___ Data below

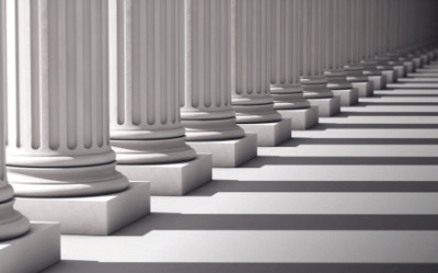 The shadows of the columns come in intervals.
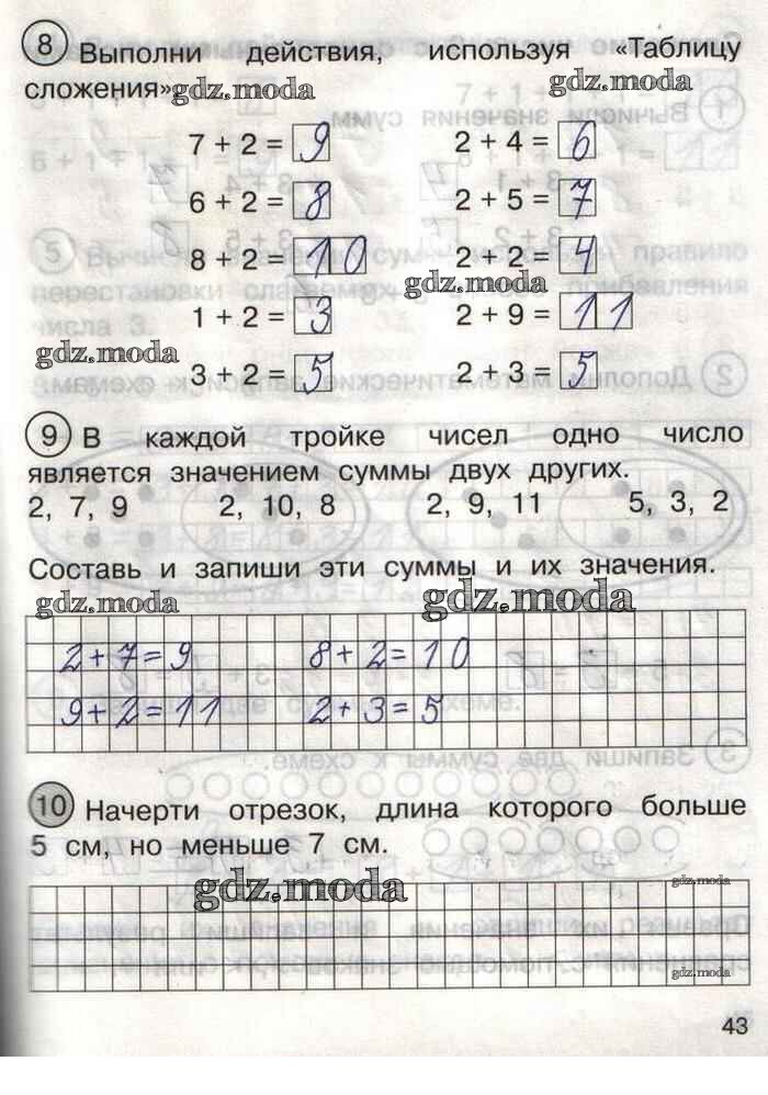 ГДЗ решение к заданию № 43 Математика 1 класс тетрадь для самостоятельной работы Захарова О.А. Академкнига 2016 Часть 1, Часть 2 бесплатно на гдз.мода!
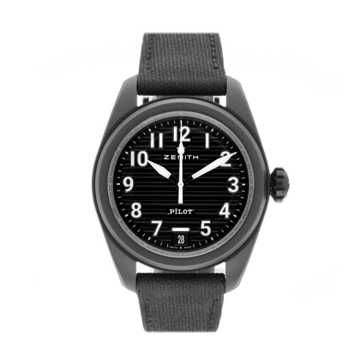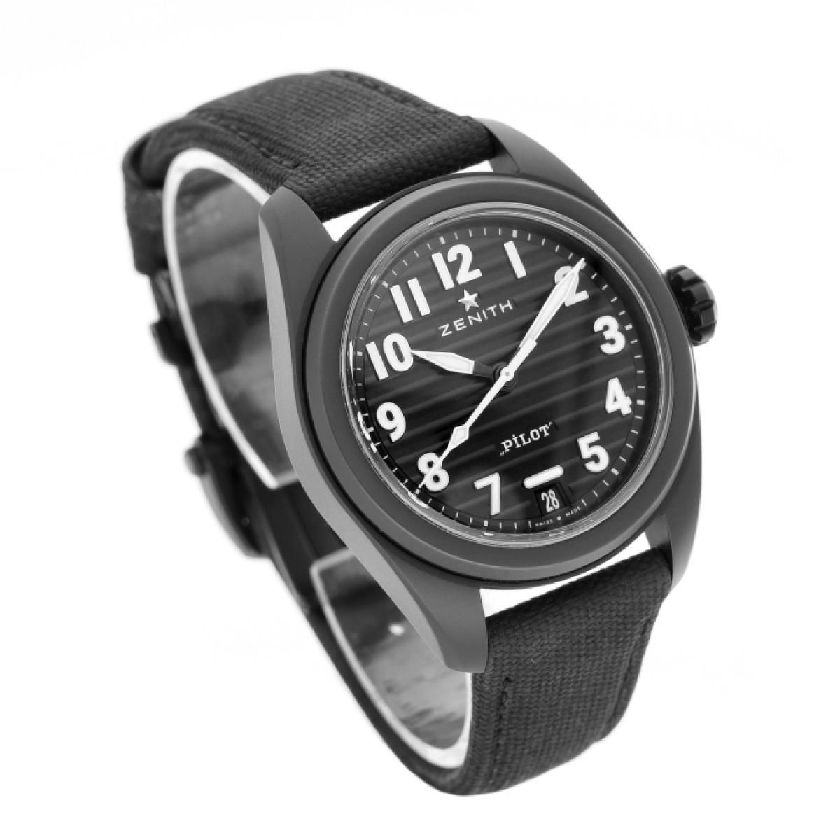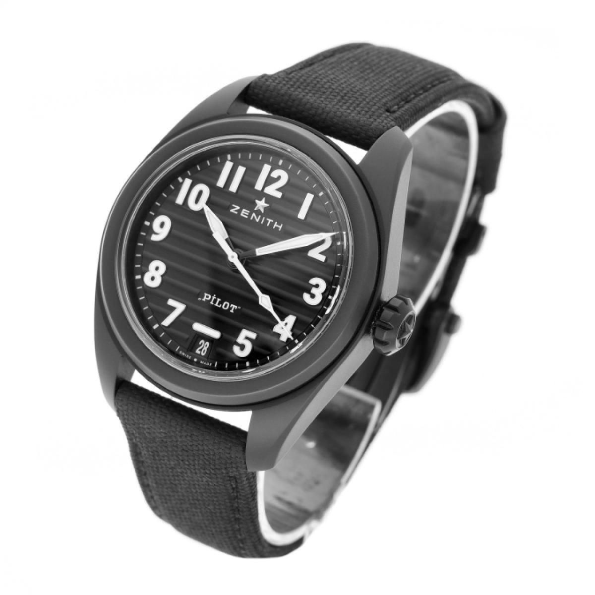 Zenith Pilot aus 2023 mit einem 40 mm Keramikgehäuse und doppelter Faltschließe. Diese Herren-Zenith-Uhr ist in sehr gutem Zustand.

______

◆ About this task
Write out the data above in full and exactly, but without the pictures.

◆ Solution for this problem
 The shadows of the columns come in intervals.
 ГДЗ решение к заданию № 43 Математика 1 класс тетрадь для самостоятельной работы Захарова О.А. Академкнига 2016 Часть 1, Часть 2 бесплатно на гдз.мода!
 Zenith Pilot aus 2023 mit einem 40 mm Keramikgehäuse und doppelter Faltschließe. Diese Herren-Zenith-Uhr ist in sehr gutem Zustand.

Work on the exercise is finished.